Electronic interactions and transactions involving physically distant entities are becoming increasingly prevalent and is the basis of many commercial and non-commercial human interactions. Accordingly, security of such electronic transactions is becoming of increasing importance and a number of techniques have been developed to address such issues.
For example, online shopping over the Internet has in the latter years grown to become a substantial part of the economy. Such transactions need to be secure and resistant to security attacks. Such attacks include:
1. Eavesdropping meaning that attackers listen to the messages during their transport without the source or destination knowing.
2. Tampering meaning that attackers modify the messages in transport without being noticed by the receiver.
3. Impersonation is said to happen when a malicious party pretends to be the legitimate sender of the message and deceives the receiver to treat it as from the legitimate sender.
4. Replay attack covers intercepting a message and replaying it at later time without the receiver realising that it has been received more than once.
Furthermore, wireless and mobile communication has become increasingly widespread with a number of different communication systems providing different services and offering different advantages and characteristics. For example, cellular communication systems, such as GSM or UMTS, and Wireless Local Area Networks, such as IEEE 802.11 systems, have become commonplace and may provide the users with different access points to e.g. the Internet.
In order to facilitate and provide a coherent user experience, it is desirable to implement seamless mobility where it is possible for an end-user to seamlessly roam between different access networks without the user needing to take any action or even being aware of which access network is used. Seamless mobility for a terminal can be achieved via specific protocols and functionalities at the terminal and network side.
However, it is desirable to extend seamless mobility to the end-user rather than merely to a user terminal. Thus, it is desirable to enable an end-user to roam among different end-user terminals and networks while maintaining session continuity.
The user may specifically use a personal access network wherein different communication devices can be used to form the access point. Such a network can include elements such as a cellular subscriber unit, a cordless phone, a TV receiver, a digital audio receiver, a Personal Computer (PC) etc. Thus a number of different communication devices can be used to deliver a desired service.
However, such a scenario has significant impact on security aspects and requires additional functionality to ensure that secure communications and transactions can take place.
In particular, it is insufficient to merely authenticate a communication device providing a current access but rather it is desirable to authenticate the end-user itself. Thus, from the network perspective, a peer authentication guaranteeing that an authorized user is using an authorized device for consuming a specific service and authorizing a specific transaction should be provided.
Although, it is typically relatively straightforward to implement functionality allowing a communication device to be authenticated, a secure, reliable and user friendly user authentication is generally difficult to achieve.
Specifically, it has been proposed that user authentication may be achieved by a user entering a secret password.
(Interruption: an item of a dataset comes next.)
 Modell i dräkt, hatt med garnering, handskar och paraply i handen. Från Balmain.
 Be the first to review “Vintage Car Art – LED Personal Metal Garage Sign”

However, as human users are incapable of memorizing long cryptographic secrets, authentication methods based on human memory (passwords) lack sufficient cryptographic strength.
It has also been proposed to use a hardware element to store user security credentials that can be used for authenticating the user. However, such an approach is impractical as it requires the user to carry and use the hardware whenever user authentication is required. Furthermore, the approach does not provide sufficient security and personalization as the basic hardware element can be used by different people. For example a Subscriber Identity Module (SIM) for a mobile phone can be used by many users.
Thus, before such a hardware element can be used to authenticate a user towards the network, it needs to verify that the user is indeed the legitimate user. For mobile cellular communication systems, it has been proposed to combine the use of a SIM card with a personal four-digit PIN code as a way of personalizing the SIM card. Specifically, the user types a PIN code on the device carrying the SIM card as a way of verifying the identity to the device. However, a problem with this approach is that PIN codes are not considered cryptographically strong. Furthermore, once the PIN number has been provided by the legitimate user, the device becomes usable by anybody.
In U.S. Pat. No. 6,703,918, an end-user authentication method is described which uses a specific device worn by the end-user. The specific device communicates with an access point over a wireless communication link. However, the communication between the specific device and the access point is not cryptographically secure and therefore the system does not provide an optimal user authentication. Specifically, the described system will be sensitive to active security attacks such as replay attacks or monitoring/detection of signals transmitted over the wireless communication link.
Hence, an improved system for user authentication would be advantageous and in particular a system allowing improved security, facilitated operation and/or improved performance would be advantageous.